[antlr-interest] Lexerproblem with wildcard matching

Fri Feb 22 06:32:21 PST 2008

Dear ANTLR users and professionals,

I'm currently working on a source-to-source compiler that I'd like to
work with preprocessing directives. My goal is to keep the actual
preprocessing independent of the language that it is embedded in, i. e.
I'm only interested in parsing the preprocessor lines, the rest in
between I need to track but I don't want to parse.

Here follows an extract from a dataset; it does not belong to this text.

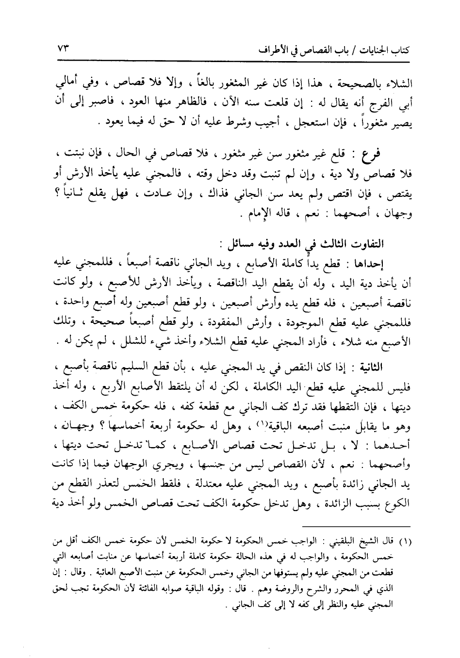 الشلاء بالصحيحة، هذا إذا كان غير المثغور بالغا، وإلا فلا قصاص، وفي أمالي أبي الفرج أنه يقال له: إن قلعت سنه الآن، فالظاهر منها العود، فاصبر إلى أن يصير مثغورا، فإن استعجل، أجيب وشرط عليه أن لا حق له فيما يعود. فرع قلع غير مثغور سن غير مثغور، فلا قصاص في الحال، فإن نبتت، فلا قصاص ولا دية، وإن لم تنبت وقد دخل وقته، فالمجني عليه يأخذ الارش أو يقتص، فإن اقتص ولم يعد سن الجاني فذاك، وإن عادت، فهل يقلع ثانيا ؟ وجهان، أصحهما: نعم، قاله الامام. التفاوت الثالث في العدد وفيه مسائل: إحداها: قطع يدا كاملة الاصابع، ويد الجاني ناقصة أصبعا، فللمجني عليه أن يأخذ دية اليد، وله أن يقطع اليد الناقصة، ويأخذ الارش للاصبع، ولو كانت ناقصة أصبعين، فله قطع يده وأرش أصبعين، ولو قطع أصبعين وله أصبع واحدة، فللمجني عليه قطع الموجودة، وأرش المفقودة، ولو قطع أصبعا صحيحة، وتلك الاصبع منه شلاء، فأراد المجني عليه قطع الشلاء وأخذ شئ للشلل، لم يكن له. الثانية: إذا كان النقص في يد المجني عليه، بأن قطع السليم ناقصة بأصبع، فليس للمجني عليه قطع اليد الكاملة، لكن له أن يلتقط الاصابع الاربع، وله أخذ ديتها، فإن التقطها فقد ترك كف الجاني مع قطعه كفه، فله حكومة خمس الكف، وهو ما يقابل منبت أصبعه الباقية، وهل له حكومة أربعة أخماسها ؟ وجهان، أحدهما: لا، بل تدخل تحت قصاص الاصابع، كما تدخل تحت ديتها، وأصحهما: نعم، لان القصاص ليس من جنسها، ويجري الوجهان فيما إذا كانت يد الجاني زائدة بأصبع، ويد المجني عليه معتدلة، فلقط الخمس لتعذر القطع من الكوع بسبب الزائدة، وهل تدخل حكومة الكف تحت قصاص الخمس ولو أخذ دية

I'm using ANTLRv3 and
ANTLRworks v1.1.7.

For example, I'd like to parse a file like this:
==
bla bla
#specialprefix
bla bla
==

My wish is to get a token list from the lexer like SOMELINE PREFIX
SOMELINE, so I wrote a grammar in the following way:

==
grammar Test;
options { output=AST; }

att	: attline* ;

attline	: PREFIX TERMINATOR | SOMELINE ;

PREFIX	: '#specialprefix' { System.out.println("PREFIX"); } ;

WS	: ( ' ' | '\t' | '\f' ) { $channel=HIDDEN; } ;

TERMINATOR : ( '\n' | '\r' | '\r\n' | '\n\r' ) ;

SOMELINE	: .* TERMINATOR ;
==

(This is just the tricky little part of a bigger grammar with more
useful stuff in the #specialprefix line.)

Unfortunately, the SOMELINE rule eats my #specialprefix line as well ...
my System.out.println("PREFIX") is never called.

Do you guys already have an idea what I'm doing wrong?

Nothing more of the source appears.